Adopt a Conflict-of-Interest Policy
Board members who stand to benefit in some way from a policy or decision need to disclose that possibility. Even the hint of personal gain by leaders or their families can raise stakeholders’ doubts about leaders’ judgment and prompt public censure of your organization.
Develop a Code of Ethics
Both board and staff members should adhere to standards of conduct that reflect personal and organizational integrity. A code of ethics, for example, may encompass conflict-of-interest issues (disclosure of family and personal relationships), financial issues (compensation or reimbursement of board members), and fundraising practices, as well as spell out the consequences of violating the standards. Like all board policies, the code of ethics should be revisited periodically and updated to reflect changes in the internal and external environments.

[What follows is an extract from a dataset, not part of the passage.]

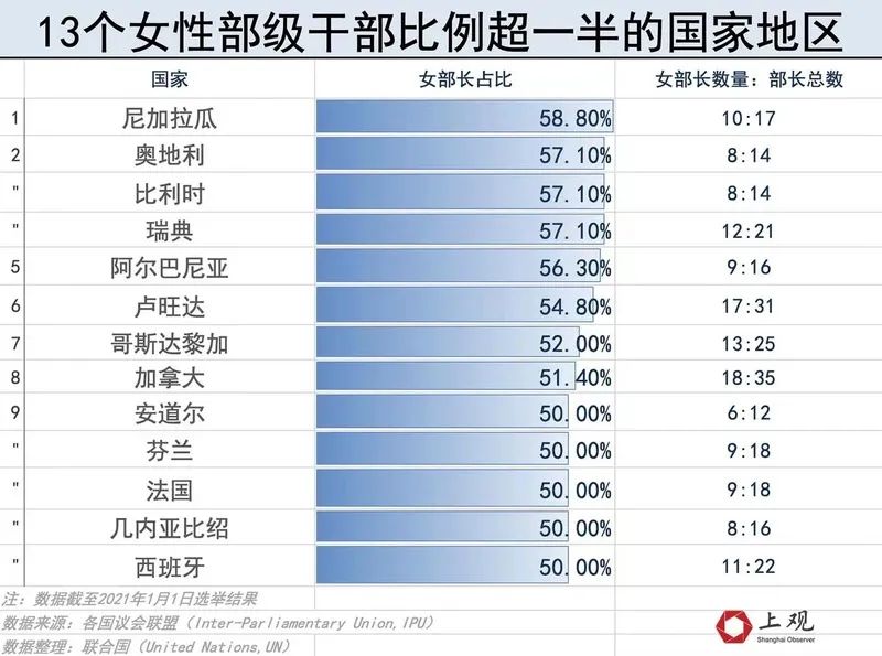 原标题:《全球四分之一的议会成员是女性,为何北欧女性部级领导数量最多》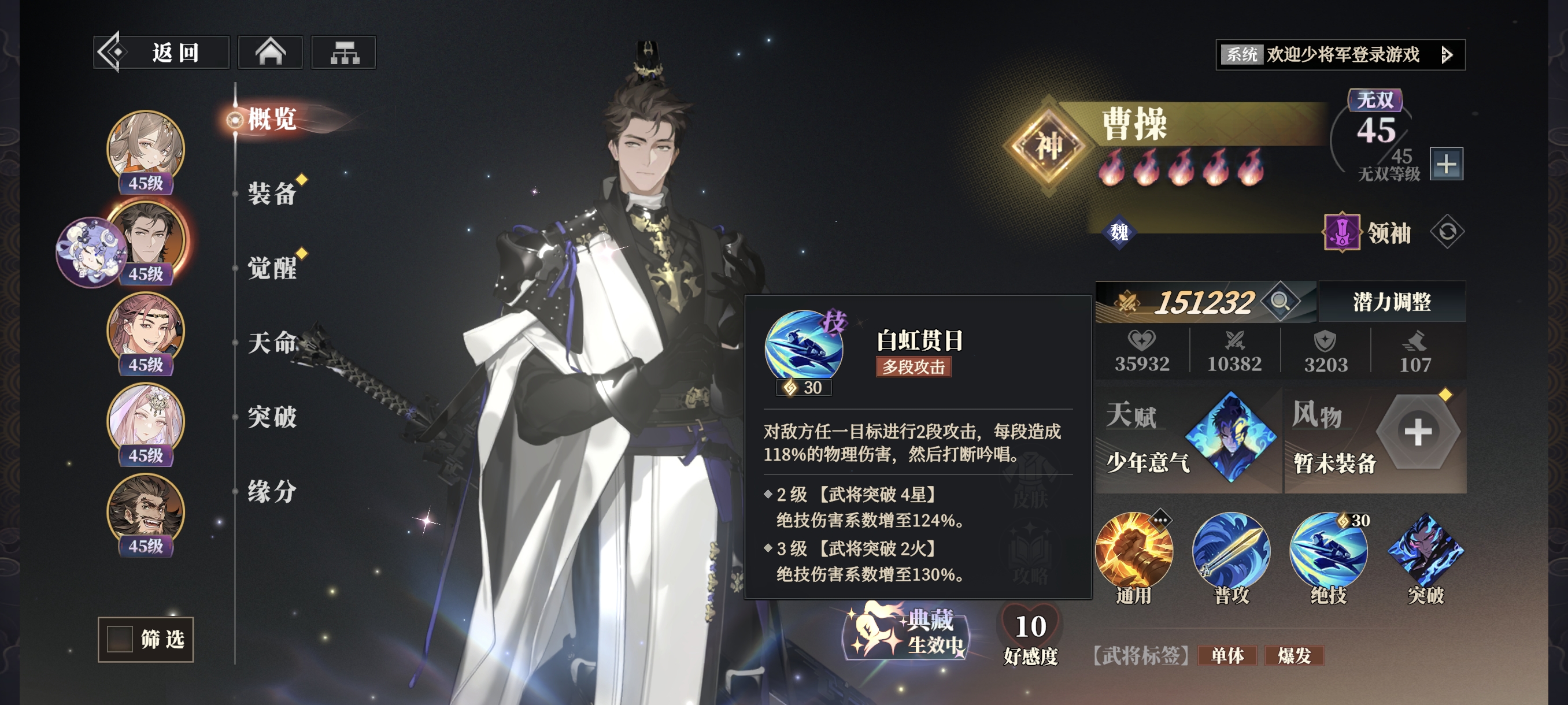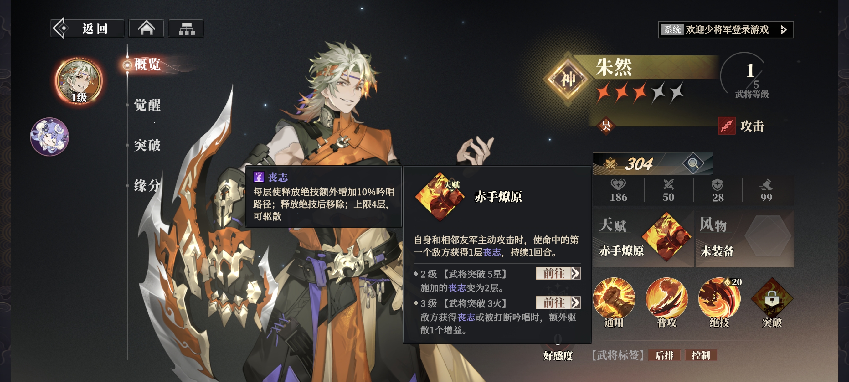 朱然自身99速度较慢,开场获得1层【机敏】可将其速度提升至104,并且绝技施放频率很快,可以迅速叠满10%速度加成,提升出手频率。

Monitor Executive Compensation
Make sure your organization has a process in place to evaluate the chief executive and determine his or her salary and benefits. All board members must be aware of the chief executive’s compensation package or risk being blindsided if allegations of outrageous benefits or inappropriate perquisites arise among stakeholders or the media.
Nurture New Leaders
Boards that become too insular, either by electing the same people to leadership positions or by selecting new members in their same mold, can easily miss opportunities to strengthen the organization by introducing fresh perspectives and diverse voices. Consider instituting term limits, especially for top leadership positions. That ensures you keep injecting new enthusiasm and ideas into the board and don’t burn out devoted stakeholders. Assist the nominating committee by providing names of people you believe would bring needed expertise or diversity (gender, age, ethnic, or geographic) to the board. Funders and the community at large will look at your board as a reflection of the entire organization. If they perceive you are stuck in a rut or out of touch with what’s happening in the wider world, they are more likely to lend their support elsewhere.
All Things Considered
With all these responsibilities on their minds, board members may lose sight of why they are there in the first place: to fulfill the organization’s mission. As a gentle reminder, one nonprofit prints its mission statement on the back of board members’ tablecards so they have no choice but to look at it during meetings. Another group prints its mission at the top of every agenda and posts it on a wall plaque in the boardroom, again to keep it top-of-mind. Yet even a well-communicated mission, detailed financial reports, and an in-depth understanding of their roles are not enough to fulfill board members’ accountability requirements. They also have to be willing to evaluate the organization’s and their own performance. Ways to do this include:
- Developing a board calendar that includes the chief executive’s evaluation; a board self-assessment; and a review of mission, vision, and objectives
- Scheduling a board retreat every year or two to reflect on the mission and overall board functioning and to engage in the strategic planning process
- Approving performance objectives tied to each part of the strategic plan, including targeted results and timetable for achieving them.